Саранцев хотел сквитаться с Корсунской за её неоправданные нападки и впервые за весь день ощутил душевный подъём. Сейчас он отыграется и за дочь, и за полдня, потраченные на угадывание дальнейших шагов Покровского и его людей. Вот уже многие часы подряд он только гадает, предугадывает, предполагает, планирует, но ничего не может сделать или хотя бы сказать тем самым людям, с которыми борется. Теперь внезапно возникла возможность поднять голову.
– Я теперь редко веду дела сама, – холодно заметила Аня. – Но специализируюсь по уголовным делам, чутьё тебя не обмануло. Или всё же ФСБ?
– Чутьё, чутьё – можешь не сомневаться.
– Вас опять в сторону повело, ребята, – напомнила о себе Елена Николаевна. – Давайте вернёмся к литературе. Мальчики стесняются – Анечка, не подашь им пример?
– Вы имеете в виду литературу вообще или только школьную программу? – с неприятным налётом иронии в голосе уточнила Корсунская.
– Зачем же себя ограничивать? Нет уж, выпустим на свободу всех птиц.
Аня задумалась, глядя прямо перед собой и словно забыв обо всех присутствующих. Кажется, она и в самом деле хотела выдумать ответ на невозможный вопрос. Каким образом литература может повлиять на жизнь человека? По крайней мере, человека, не занятого ей профессионально? Человек живёт по законам, которые узнаёт в жизни, а не в книжках.
– Если говорить о любимых книгах, то я могу назвать несколько, – сказала Корсунская с лицом Клеопатры.
– Пока не надо названий, – возразила учительница. – Сначала о влиянии. Они изменили твою жизнь?

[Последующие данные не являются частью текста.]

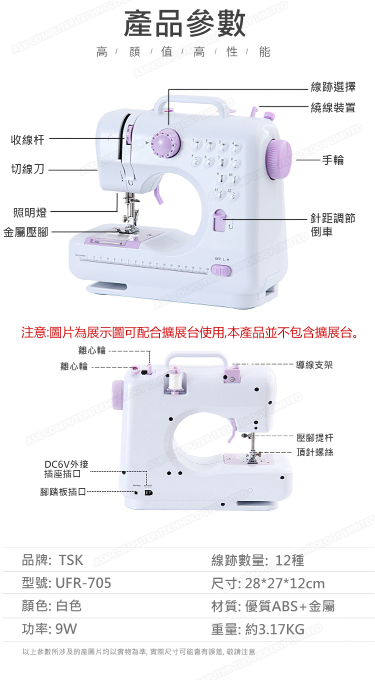 日本TSK 家用多功能衣車便攜式縫紉機 (P3000)
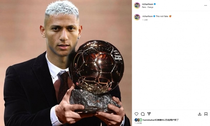 理查利森并未入围今年金球奖候选英超联赛直播在线观看免费,苏超在线直播高清视频无插件他分享自己获奖照调侃:“这不是假的😅。”
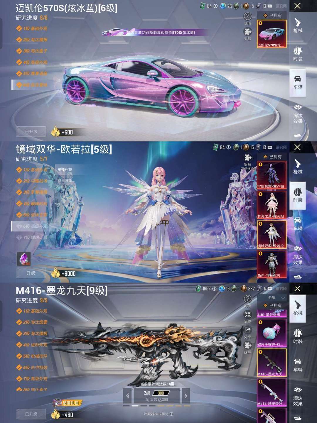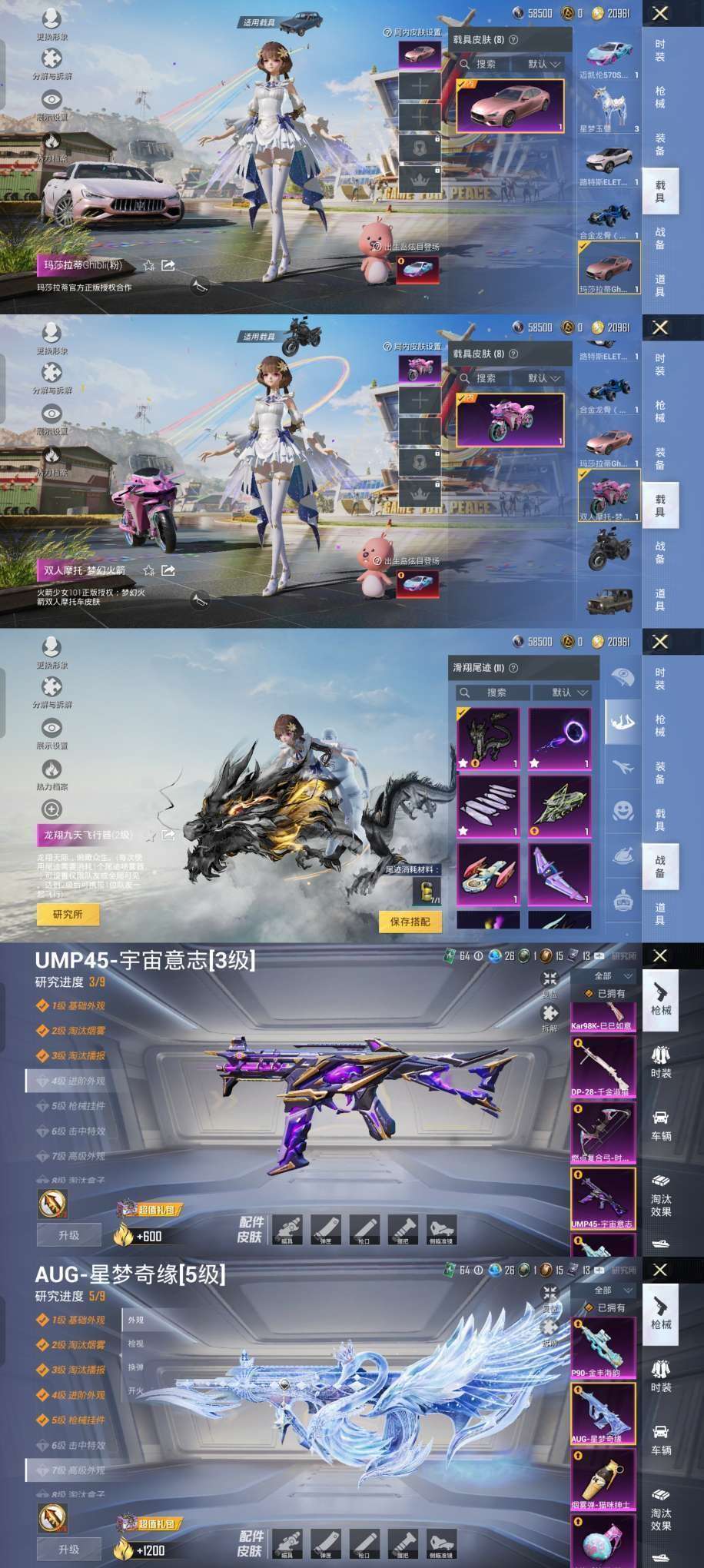 5级红装-欧若拉-5套红装-满6级迈凯轮-9级M4墨龙九天-AUG星梦奇缘-螳螂-粉装载具多
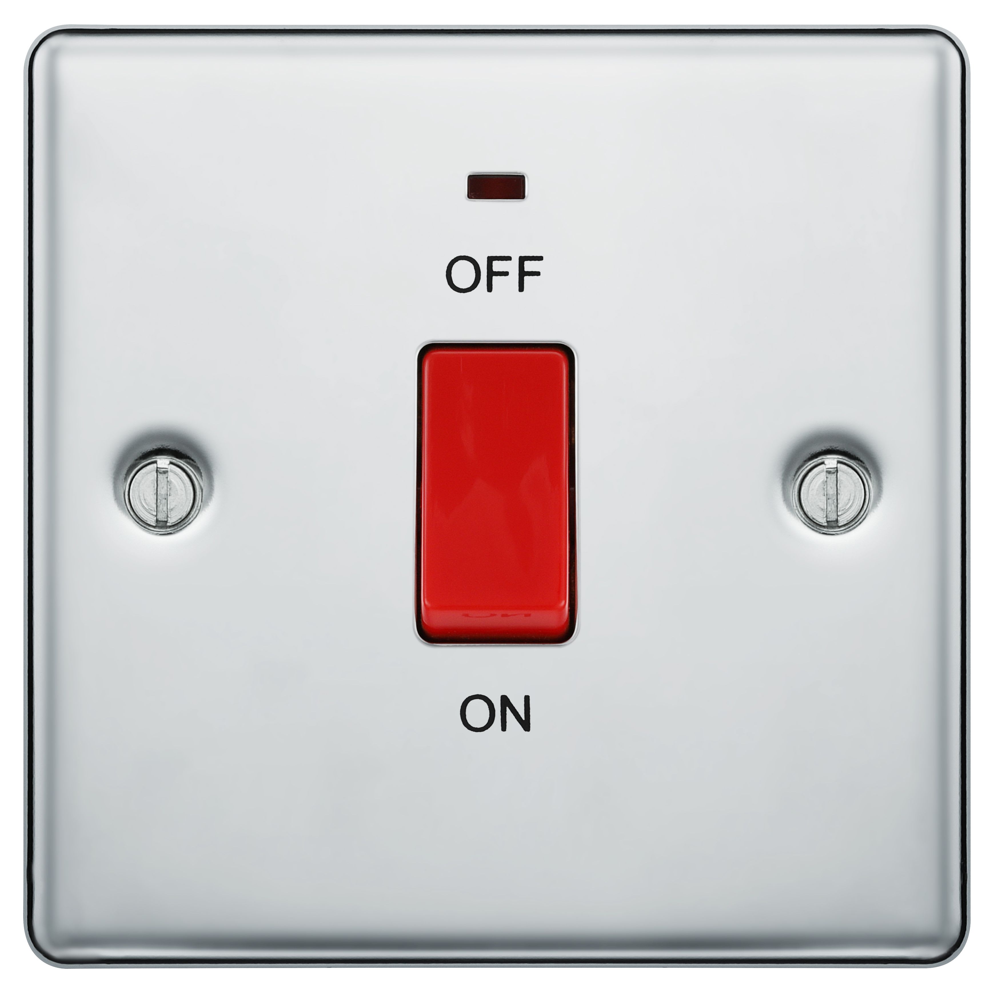 BG 45A Screwed Raised Plate Square Cooker Control Unit with Power Indicator - Polished Chrome
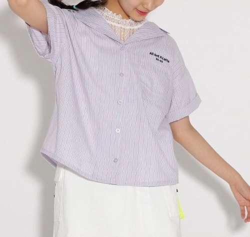 > 新品 PINK-latte 開襟シャツ+レースノースリ セット ライトパープル(381) 15(XS150cm)
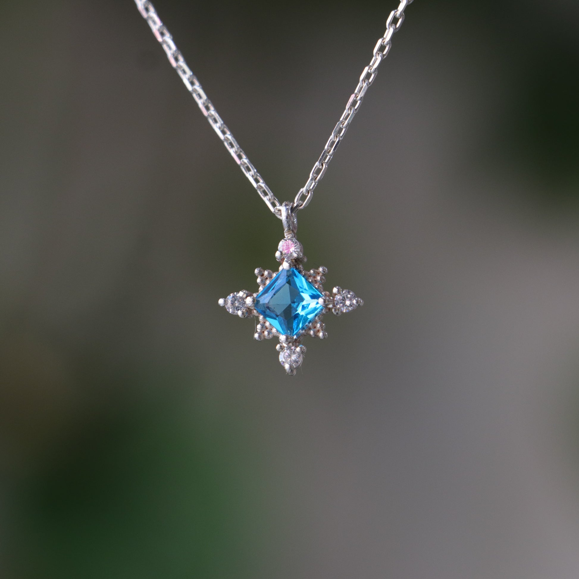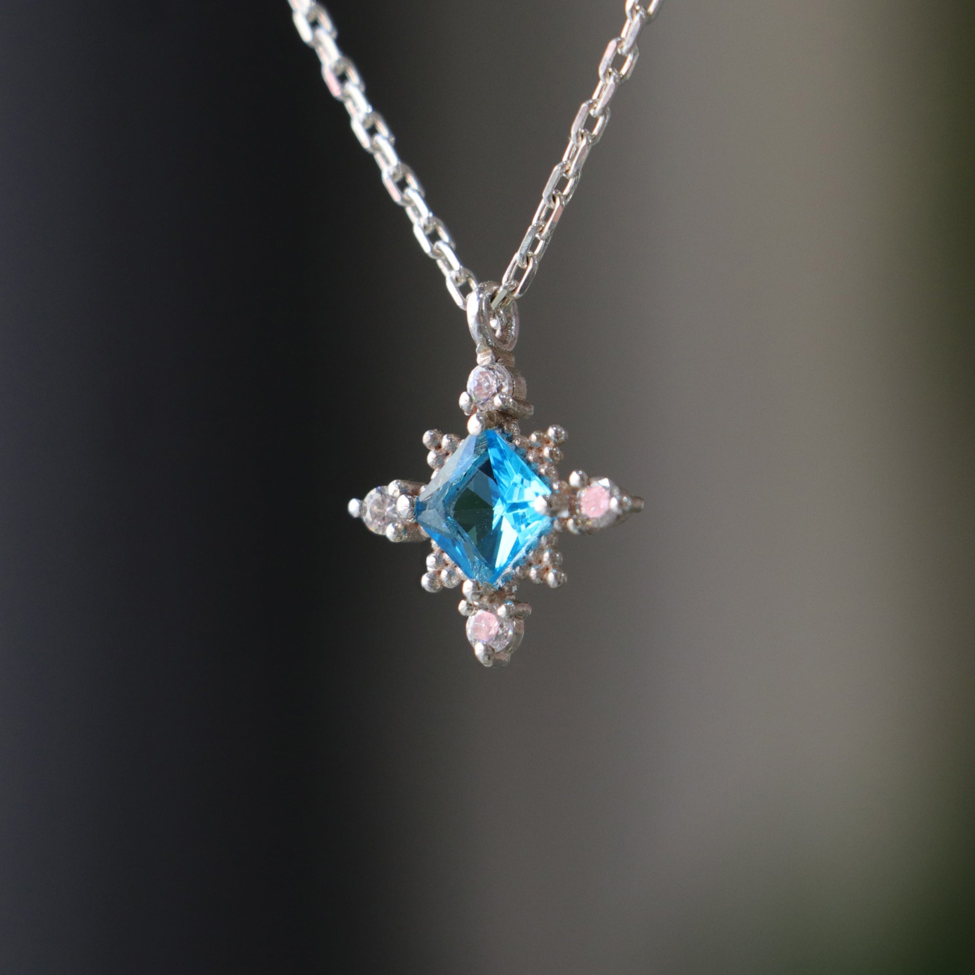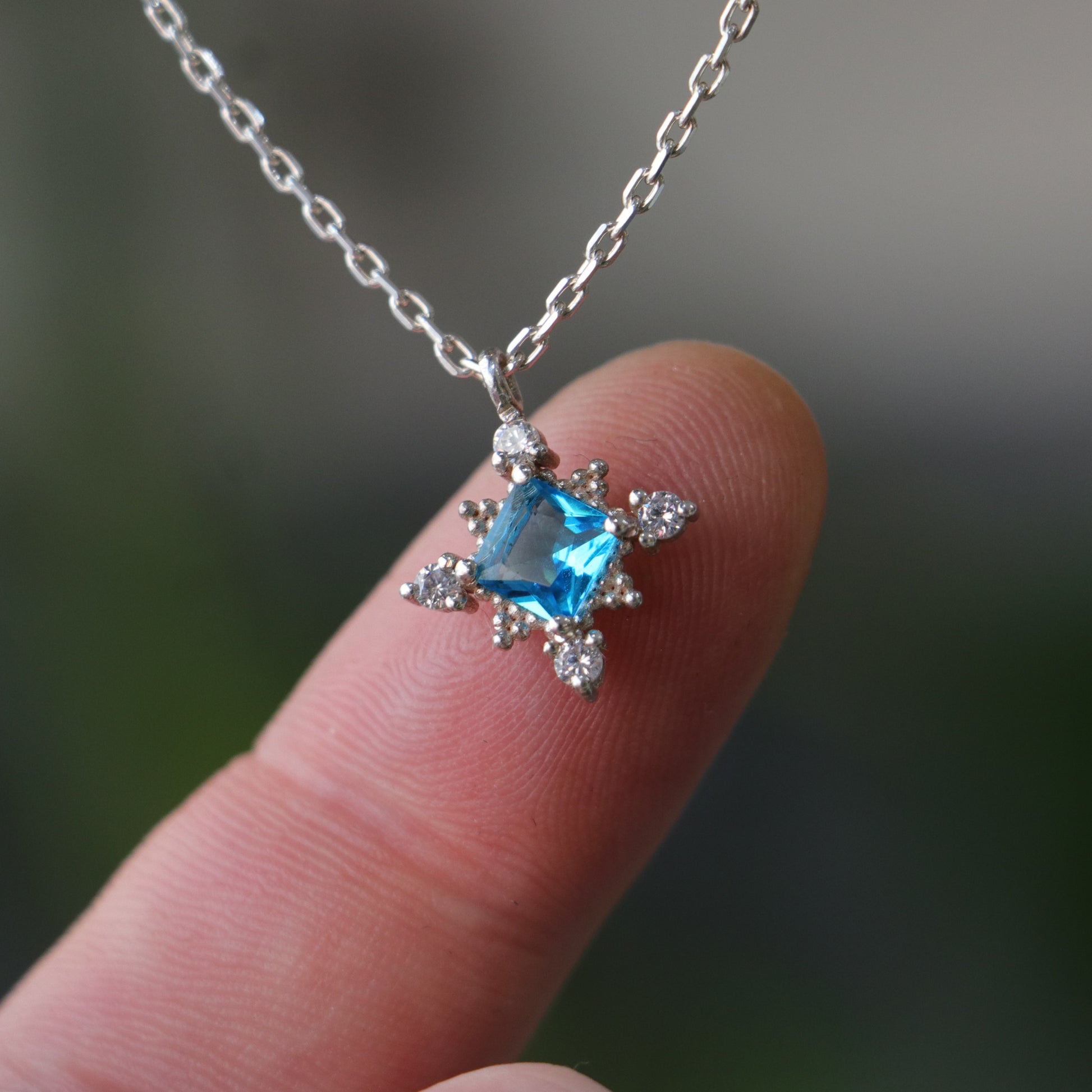 Princess Blue Topaz and Moissanite 925 Silver Necklace
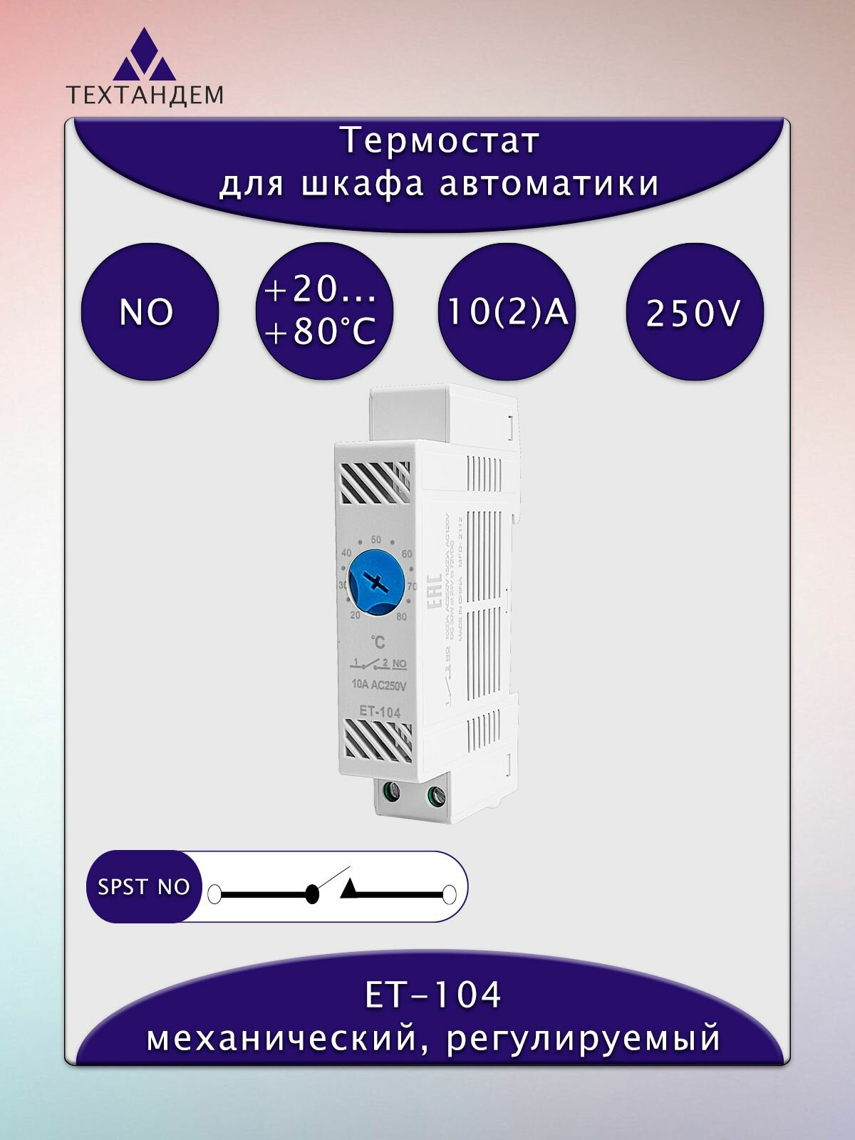 Термостат для шкафа автоматики +20.+80C, NO, 10(2)A 250VAC, ET-104, механический, регулируемый: сравнение цен, характеристики, фото, актуальное наличие и цены.
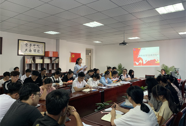 会前,所有与会青年都已完成支部层面举行的形式多样、内容丰富的学习主题活动,有的支部一同观看纪录片,使团员青年深切感受新中国的70年风雨历程,深刻体会自找苦吃的高层面含义;有的支部开展了热烈讨论,就习近平总书记提出的“自找苦吃” 精神进行典型论点具体分析,卓有成效;有的支部通过发起“我和国旗有个合影”活动礼赞新中国奋进新时代的青春主旋律。
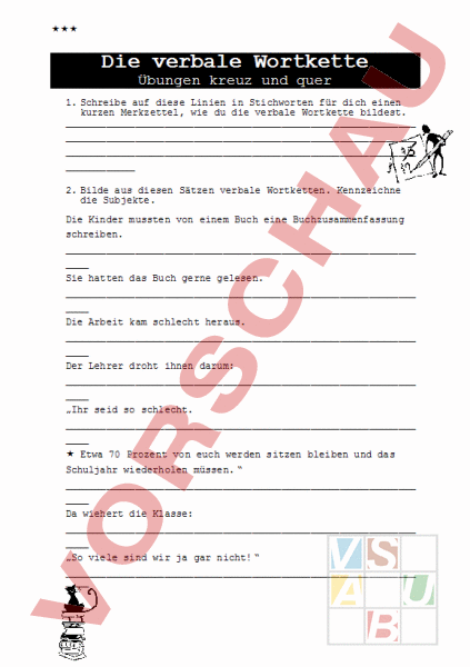 Die verbale Wortkette Übungen kreuz und quer 1. Schreibe auf diese Linien in Stichworten für dich einen kurzen Merkzettel, wie du die verbale Wortkette bildest. 2. Bilde aus diesen Sätzen verbale Wortketten. Kennzeichne die Subjekte. Die Kinder mussten von einem Buch eine Buchzusammenfassung schreiben. Sie hatten das Buch gerne gelesen. Die Arbeit kam schlecht heraus. Der Lehrer droht ihnen darum: „Ihr seid so schlecht. Etwa 70 Prozent von euch werden sitzen bleiben und das Schuljahr wiederholen müssen. Da wiehert die Klasse: „So viele sind wir ja gar nicht! Mache aus diesen verbalen Wortketten ganze Sätze. Am Schluss sollte es einen Witz geben. Achte also darauf, dass die Sätze einen Sinn ergeben. zu Fritzli sagen // die Mutter sich schon viel besser anhören // dein Husten da antworten // der Kleine ja auch Tag und Nacht üben // ich 3. Unterstreiche im folgenden Text die Verben und setze sie in den Infinitiv. Der Arzt fragt seinen angeschlagenen Patienten: Hat man wenigstens über Ihr blaues Auge gleich kalte Umschläge gemacht? Etwas beleidigt antwortet der Mann: Nein, aber dumme Witze wurden gerissen. 4. Unterstreiche die Subjekte doppelt. Susi möchte sich neu in der Bibliothek einschreiben lassen. Die Angestellte fragt: „Wie alt bist du? Die Antwort des Mädchens lautet: „Zehn! Die Bibliothekarin ist neugierig. Sie möchte erfahren, welche Interessen Susi hat. Deshalb fragt sie Susi: „Und was möchtest du werden? Da kommt blitzschnell die Antwort: „Elf!
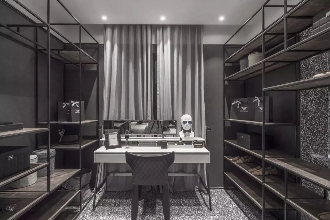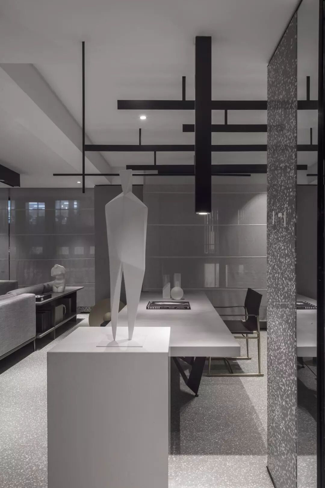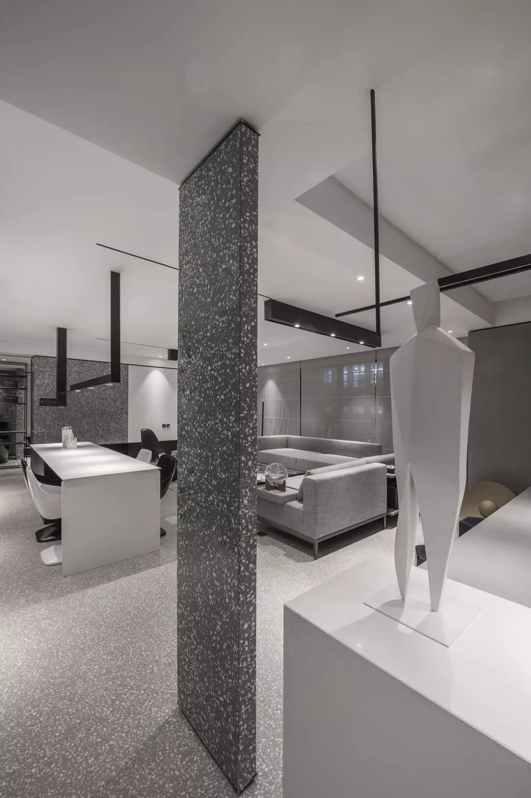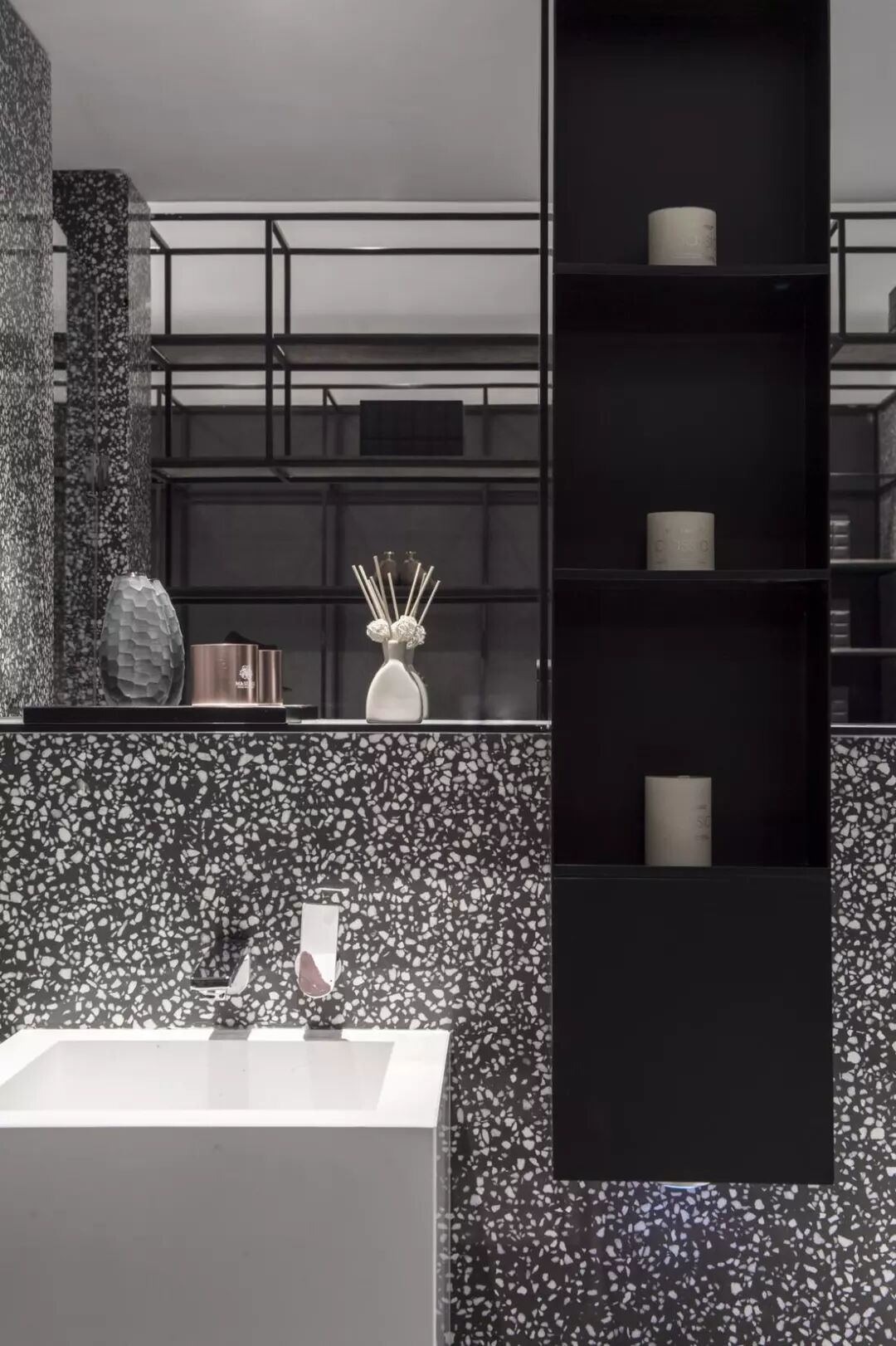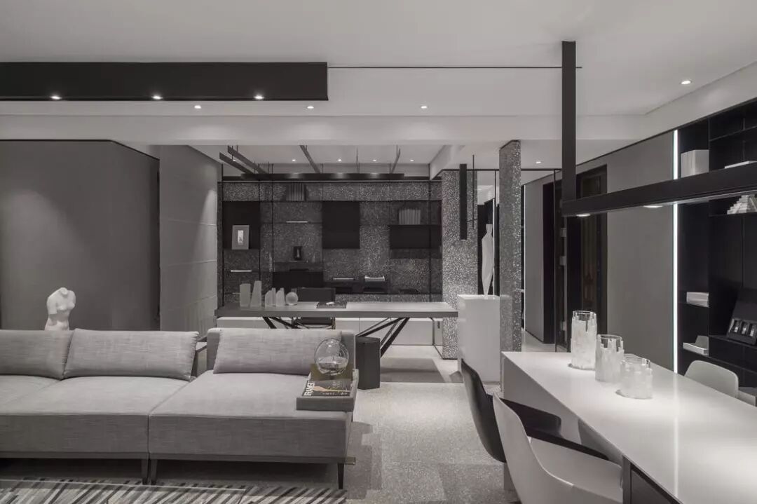 大块面大比例的简约设计,符合自己的习惯。根据生活的核心,在“空盒子”里围绕着工作、放松、娱乐、聚友逐层加入“我”的元素,全开放式格局,黑、白、灰三色主调,水泥、水磨石、金属架等充满阳刚气的材质横行。看起来最不像一个设计师的家,却也最符合一个设计师对家的“放肆”。

– Кажется, они на неё повлияли.
– Каким образом?
– Я стала циничной.
– Что? Аня, ты меня убиваешь! Что у тебя за любимые книги такие?
– «Мельница на Флоссе» Джордж Элиот, а из наших – «Капитанская дочка» Пушкина и «Епифанские шлюзы» Платонова.
– И ты умудрилась научиться у них цинизму?
– Не совсем научиться. Скорее – оправдать. Швабрин ведь тоже любит Машу, и он по-своему спас её от пугачёвцев. Принуждал её к браку, но не изнасиловал и даже не назвал её имени следователям. И всё же – отрицательный персонаж. Или не отрицательный, а просто живой? Может, он изменил присяге только ради возможности остаться рядом с Машей? Между прочим, как и Петруша Гринёв – ведь его самоволка из Оренбургской крепости тоже была самой настоящей изменой, он оставил свою часть в военное время.
– Секрет прелести высокой литературы – возможность бесконечного разнообразия трактовок.
– Не просто в разнообразии трактовок, а в отсутствии чётких критериев качества и невозможности предугадать воздействие на потомков, – Корсунская заговорила бюрократическим языком законника, словно оказалась в привычной стихии.
– Кажется, я понимаю смысл «Мельницы» в твоих глазах – Мэгги совершает аморальный поступок, но по прежнему вызывает симпатию.
– Аморальный поступок, но не преступление.
– Ладно, но к «Епифанским шлюзам» я уж никак не могу твой подход приложить, – всплеснула руками Елена Николаевна.
– Бертран приносит себя в жертву своей невесте, а она выходит замуж за другого, не совершавшего никаких подвигов.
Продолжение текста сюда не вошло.